What is being asked: Only the lines from the one with "No Financeiro >" through the end of the data below belong in the answer, restated word for word, pictures excluded.
(Beginning of Supplied information)
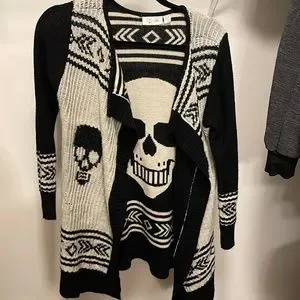 Awesome and really great quality brand skull cardigan. There are some pulls which are all pictured. Otherwise no other issues. Preloved in nonsmoking home
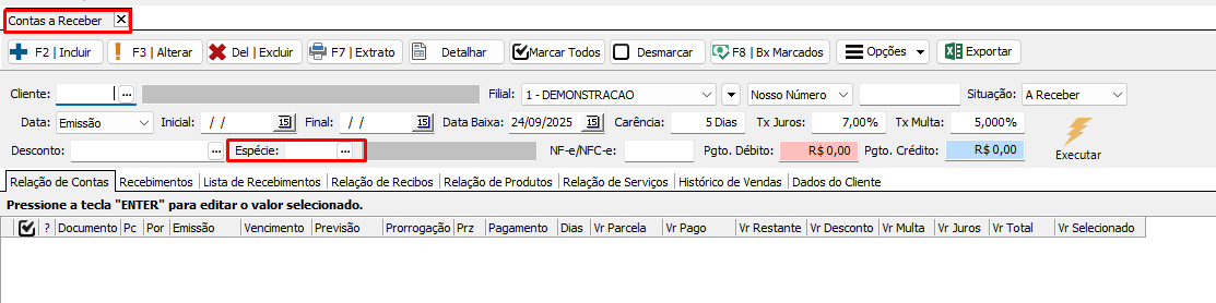 No Financeiro > Contas a Receber foi incluído o filtro espécie. Para que o recurso funcione corretamente, é necessário informar previamente o cliente.
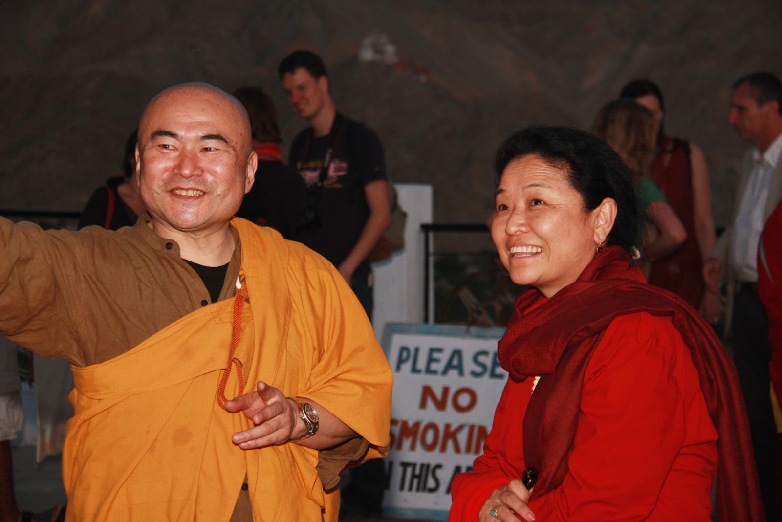 Later in the day, for views of the sunset over the mountains, we visit the Japanese Shanti (Peace) Stupa. It is on a hill, another 200m above Leh village, where we get some pretty good views below as well as a close-up look at this simple, yet lovely building. As an added bonus, Khandro-la introduced us to Bhikshu Gyomyo Nakamura. This Japanese man is not just the resident monk; he built the stupa back in the 1980’s after giving up the life of a musician. Well he hasn’t given it up completely. He recently released an album of Dharma songs. He sang for us and also plugged his books. He seemed like a cool and interesting character but all conversation had to be translated for us.
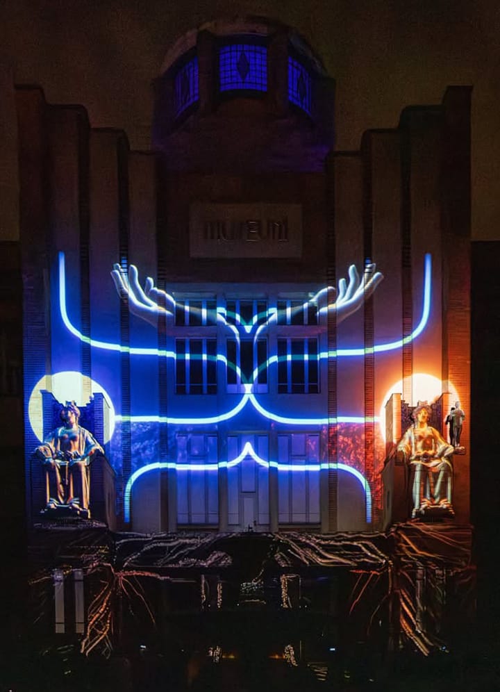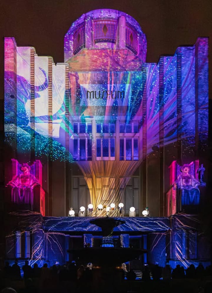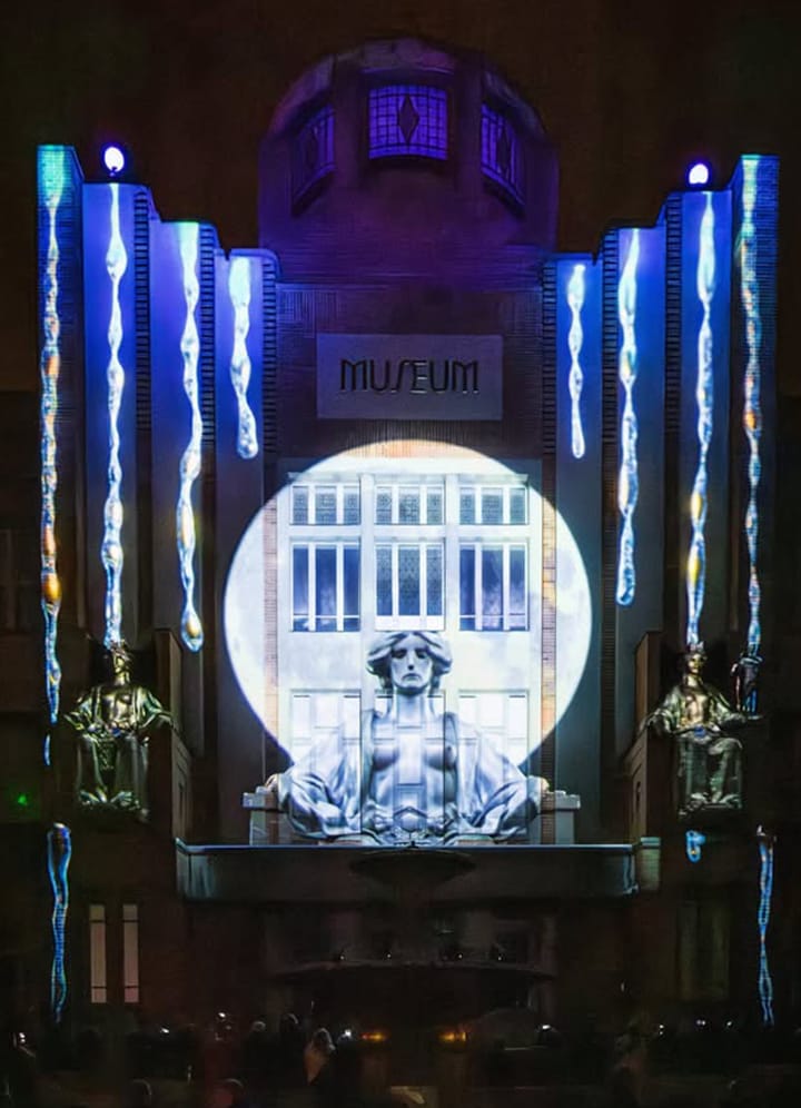 Umělecký videomapping, kombinuje klasickou projekci s živou performance devíti tanečnic během slavnostního večera. Každý zásah performera ovlivňuje dění projekce a stává se její nedílnou součástí. Současně audiovizuální dílo vypráví konkrétní příběh, který je propojen s architekturou budovy, respektuje její rysy a symboliku.
(End of Supplied information)
Response area:
 No Financeiro > Contas a Receber foi incluído o filtro espécie. Para que o recurso funcione corretamente, é necessário informar previamente o cliente.
 Later in the day, for views of the sunset over the mountains, we visit the Japanese Shanti (Peace) Stupa. It is on a hill, another 200m above Leh village, where we get some pretty good views below as well as a close-up look at this simple, yet lovely building. As an added bonus, Khandro-la introduced us to Bhikshu Gyomyo Nakamura. This Japanese man is not just the resident monk; he built the stupa back in the 1980’s after giving up the life of a musician. Well he hasn’t given it up completely. He recently released an album of Dharma songs. He sang for us and also plugged his books. He seemed like a cool and interesting character but all conversation had to be translated for us.
 Umělecký videomapping, kombinuje klasickou projekci s živou performance devíti tanečnic během slavnostního večera. Každý zásah performera ovlivňuje dění projekce a stává se její nedílnou součástí. Současně audiovizuální dílo vypráví konkrétní příběh, který je propojen s architekturou budovy, respektuje její rysy a symboliku.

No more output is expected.